THE TASK
Reproduce the full listing as it stands. Images do not belong in the copy.

_____

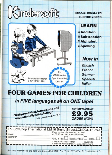 | Four Games for Children | SoftShop International | Educational | 1984 |
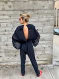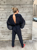1980’s Knit Jumpsuit with Fringed Shoulders and Slit Back
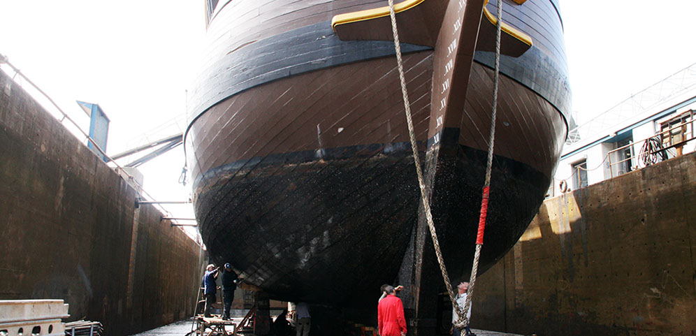 Verder is er een kade om te kunnen afmeren voor de reparaties, afdeling machinefabriek en ijzerwerkloods beschikbaar. Een compleet verhaal.
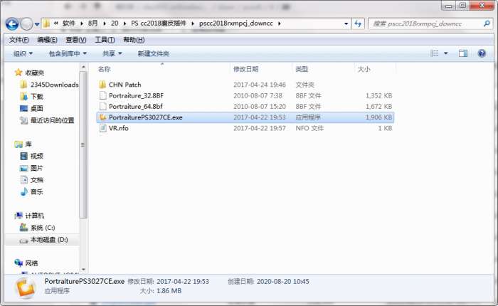 2.解压pscc2018人像磨皮插件软件,运行“EXE.文件”
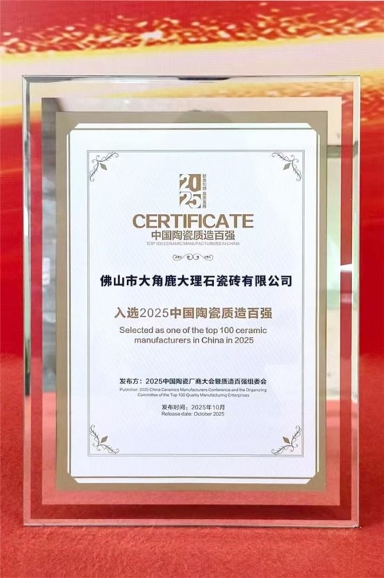 此次荣登“2025中国陶瓷质造百强”,是对大角鹿技术创新、智造实力的高度肯定,也标志着其在新国标时代成为中国建陶高质量发展的引领力量。未来,大角鹿将继续以“5A”质造为基准,夯实产品力,升维品牌力,打造具有全球影响力的中国瓷砖品牌,携手行业伙伴共启中国陶瓷“质造强国”的新篇章。
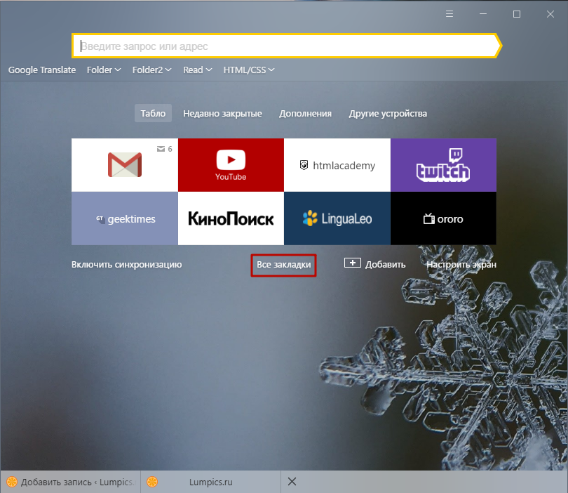 - Закрываем все вкладки браузера, кроме окна «Закладки».

_____

ANSWER AREA
 | Four Games for Children | SoftShop International | Educational | 1984 |
1980’s Knit Jumpsuit with Fringed Shoulders and Slit Back
 Verder is er een kade om te kunnen afmeren voor de reparaties, afdeling machinefabriek en ijzerwerkloods beschikbaar. Een compleet verhaal.
 2.解压pscc2018人像磨皮插件软件,运行“EXE.文件”
 此次荣登“2025中国陶瓷质造百强”,是对大角鹿技术创新、智造实力的高度肯定,也标志着其在新国标时代成为中国建陶高质量发展的引领力量。未来,大角鹿将继续以“5A”质造为基准,夯实产品力,升维品牌力,打造具有全球影响力的中国瓷砖品牌,携手行业伙伴共启中国陶瓷“质造强国”的新篇章。
 - Закрываем все вкладки браузера, кроме окна «Закладки».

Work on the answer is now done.